The present invention calculates the amount of residual bending and residual ellipticity by changing the load applied to the rolls, so the bending state of the pipe can be determined by
It can be accurately captured, making it possible to improve accuracy in the correction process and prevent damage to equipment in the non-destructive inspection process. Since the offset amount and crush amount in the roll straightening machine are determined from the determined residual bending amount and residual ellipticity, the product quality in the straightening process is significantly improved, and the roll position setting time is significantly reduced. It has excellent effects such as being shortened to .

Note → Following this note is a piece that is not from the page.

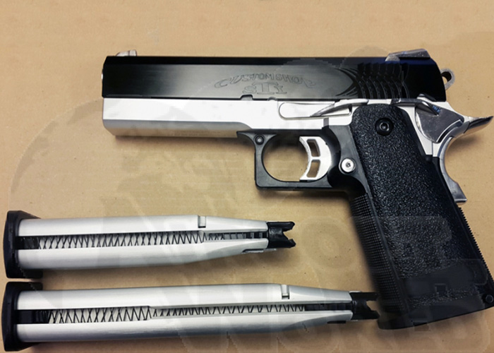 The A.W.E. 4.3 Hi Capa STI Custom with Silver Frame, Black Slide, and Silver Sights at Airsoft World is all yours to take as long as you've got £349.95...

[Brief explanation of the drawing]

Fig. 1 is a schematic diagram showing the tube straightening state in the roll bone straightening machine, Fig. 2 is an enlarged sectional view taken along the line ■-■ in Fig. 1,
Figure 3 is an explanatory diagram of the load applied to the tube during straightening, Figure 4
Figure 5 is a graph showing the relationship between offset load fluctuation amount and residual bending amount, Figure 5 is a graph showing the relationship between beam lash load fluctuation amount and residual ellipticity, and Figure 6 is a graph showing the relationship between offset amount and residual bending amount. Graph, FIG. 7 is a graph showing the relationship between crush amount and residual bending, FIG. 8 is a graph showing the relationship between crush rate and residual ellipticity, and FIG. 9 is a graph showing the relationship between the crush amount and residual ellipticity. It is a schematic diagram of the exit side stand of a straightening machine. 10...Tube II, 12.13...Stand 2+
, 25...Roll 23, 27...Load cell
24...Pulse oscillator time 1 person Sumitomo Metal Industries Co., Ltd. agent Patent attorney Noboru Kono 5 -1 Hani Go to number 1

Claims (1)

[Claims] 1. Three or more sets of oppositely facing rolls are installed, at least one set of rolls is offset from the other rolls, and the pipe is crashed by the oppositely facing rolls. In a roll straightening machine that straightens the tube by moving the tube while moving the tube, the load applied to a set of rolls located on the exit side of the tube is detected, and the residual amount of the tube is determined by the fluctuation of the difference in the load applied to each opposing roll. A method for detecting the shape of a tube in a roll bone straightening machine, characterized in that the amount of bending is determined and the residual ellipticity of the tube is determined by varying the load applied to one roll. 2. It has three or more sets of opposing rolls, at least one set of rolls is offset from the other rolls, and the pipe is moved while being crushed by the opposing rolls. In a roll straightening machine that straightens the tube, the load applied to one silk roll located on the exit side of the tube is detected, and the amount of residual bending of the tube is estimated by the fluctuation of the difference in the load applied to each opposing roll. , the amount of offset l- is determined based on the amount of residual bending, the residual ellipticity of the pipe is determined by variation of the load applied to one roll, and the amount of crush is determined based on the residual ellipticity. How to set the roll position of a bone straightening machine.